Atenea caminaba de la mano de su amado esposo, se sentía bien el estar a su lado, lo amaba más que a nada en su inmortal vida; no se arrepentía de la decisión que alguna vez tomó.
Recordaba aquellas voces que alguna vez le habían dicho que estar con él era el peor error que podía cometer.
Se habían equivocado tanto, nunca en su existencia había sido tan amada y protegida al mismo tiempo como lo era ahora. Recordaba aquella lucha diaria con su familia; los momentos en los cuales estaba a punto de caer, pero al verlo lo olvidaba todo, nunca se dejó vencer, era la diosa de la sabiduría, de la guerra, las estrategias y en sus planes jamás estuvo dejarse subyugar.
A veces cuando todo parecía imposible de soportar recordaba aquellos ojos esmeralda que brillaban cada vez que la miraban, aquel porte pulcro y atractivo de su amado; nunca se conformó con verlo a escondidas, y a pesar de que su amor era prohibido para todos, él le daba color a su vida, anhelaba amanecer a su lado diariamente, quería gritar su amor a los cuatro vientos, que nadie los juzgara por haberse enamorado el uno del otro y sobre todo por haber rompido su voto de castidad, pero que culpa podía tener si el amor la invadió sin avisar.
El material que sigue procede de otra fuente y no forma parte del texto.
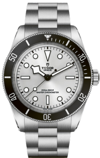
Tudor Black Bay 68

1968. Cette année-là, la signature esthétique de Tudor prend vie avec les emblématiques aiguilles dites « Snowflake ». On les retrouve sur cette nouvelle pièce, digne représentante de la collection Black Bay regroupant tous les codes de la marque dans un boîtier acier satiné poli de 43 mm, avec lunette unidirectionnelle graduée en aluminium noir. Son calibre manufacture offrant une réserve de 70 heures est certifié « Master Chronometer » METAS.
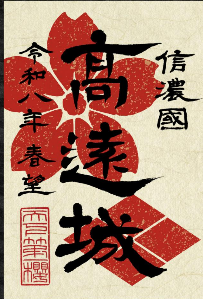
表 信濃國高遠城 天下第一櫻 書 藤井璃石 印 泉石心
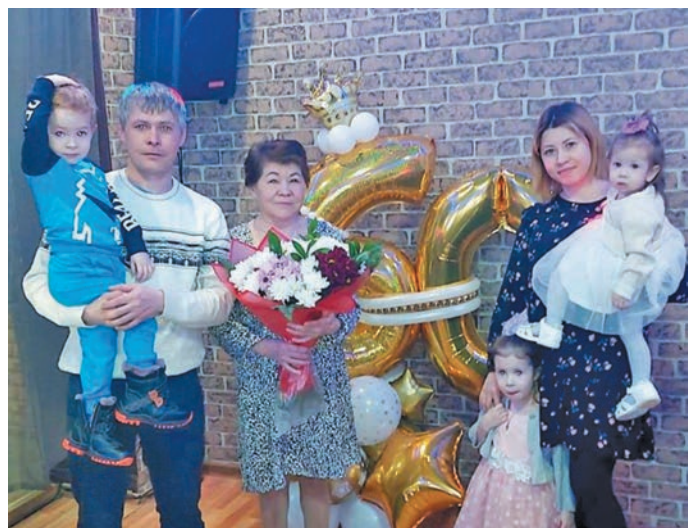
Няврамаге ос апыгрищанә җт
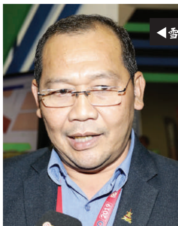
◀雪州行政议员凯鲁丁
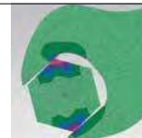
CHIAVE A FORCHETTA COMUNE: gioco sugli spigoli causa danneggiamenti
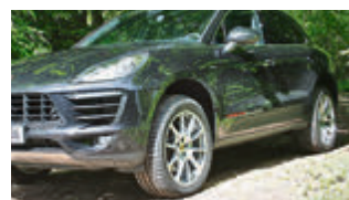
Die Luftfederung mit Niveauregulierung hebt den Macan auf geländetaugliche 230 Millimeter Bodenfreiheit.
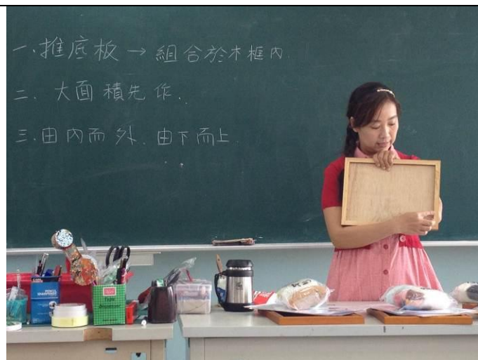
黏土課 (1) 老師講解
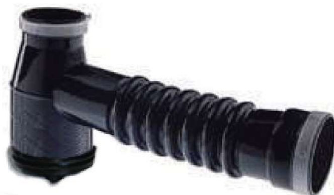
Sifón simple a codo POR UNIDAD
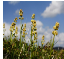
Die Geschichte des Baldriangewächs am Speikweg auf der Blutigen Alm
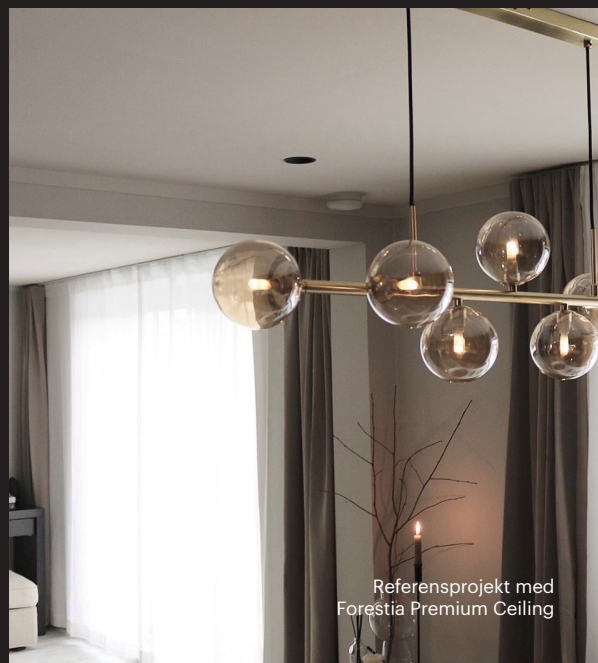
Referensprojekt med Forestia Premium Ceiling
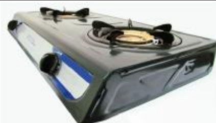
REF.: REG-211 FOGAO 2 QUEIMADORES A GAS ROYAL
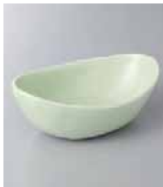
79-34-33G 950円 ミント舟形小鉢 15.5×9.5×5cm
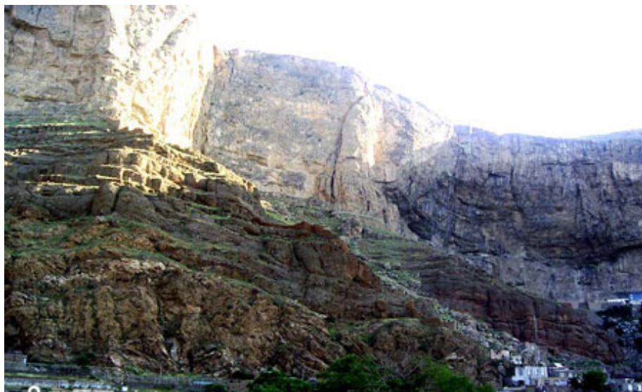
نمایی از کوههای اطراف شهرستان ماکو

حکومت ماکو در دوره زندیه و قاجاریه در دست ایل بیات بود. ایل بیات تیره ای از ایل قره قویونلو بود که مسکن اصلی آنان شرق آناتولی بود و در رکاب قره قویونلوها وارد ایران شدند.
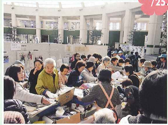
消費生活展で毎年恒例の女性部によるバザー
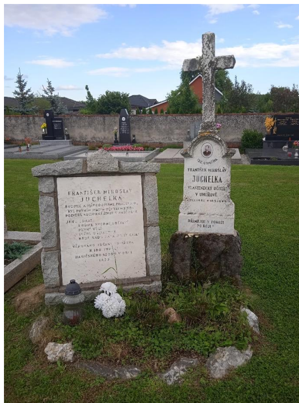
Obrázek č. 6: Hrob Františka Miroslava Juchelky v Uhlířově 342
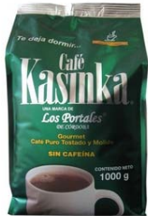
Café Tostado y Molido Sin cafeína Marca : Kasinka Presentación : Bolsa Aluminizada Gramaje : 1000 grs

Siempre habla con su padre y aunque él jamás estuvo de acuerdo aprendió a aceptar su amor, al fin y al cabo era su hija favorita. Todos los olímpicos la veían como la diosa que se atrevió a desafiar al mismísimo Zeus por amor.
En su rostro siempre hay una sonrisa de satisfacción porque sabe que al fin es feliz y libre por amor.